The compiler emits E0373 (closure may outlive the current function) or a lifetime error. The fix is to move owned data into the closure. Clone the data if you need to keep it outside, or pass ownership into the task.

Panics in spawned tasks

If a spawned task panics, the panic does not crash the entire program. The runtime catches the panic and converts it into a JoinError. When you .await the handle, you get Err(JoinError). This is a safety feature. It prevents one bad task from killing the whole application. It also means you must check the JoinHandle result if you care about task failures.

Too many tasks

tokio::spawn is cheap, but not free. Each task consumes memory for its state and stack. If you spawn a task for every byte of a large file, you will run out of memory. Tasks are for logical units of work, not for micro-optimization. Use spawn for files, network requests, or independent computations. Do not use it to parallelize a tight loop over small data.

Never use std::fs in async code. You are paying for a race car and driving it in first gear.

Decision matrix

Use tokio::join! when you have a small, fixed number of async operations and you want to wait for all of them without spawning new tasks.

Use tokio::spawn when you need to run work concurrently with other tasks, handle a dynamic list of operations, or isolate potential panics from the main flow.

Use tokio::fs for all file I/O in async code to keep the runtime thread free for other work.

Use std::fs only when you are certain the operation is fast and you are in a sync context, or when you explicitly want to block the thread for a heavy operation wrapped in spawn_blocking.
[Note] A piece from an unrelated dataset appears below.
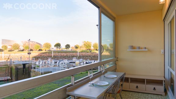 - Une loggia de 7 m², exposée nord avec mobilier et vue sur le port de plaisance

Pick the tool that matches your concurrency shape. join! for the fixed batch. spawn for the dynamic swarm.

Where to go next

Parallel file reads with async let your program start reading multiple files at the same time without waiting for one to finish before starting the next. It is like having multiple people read different books simultaneously instead of one person reading them one by one. You use this when you need to fetch data from several sources quickly to improve overall speed.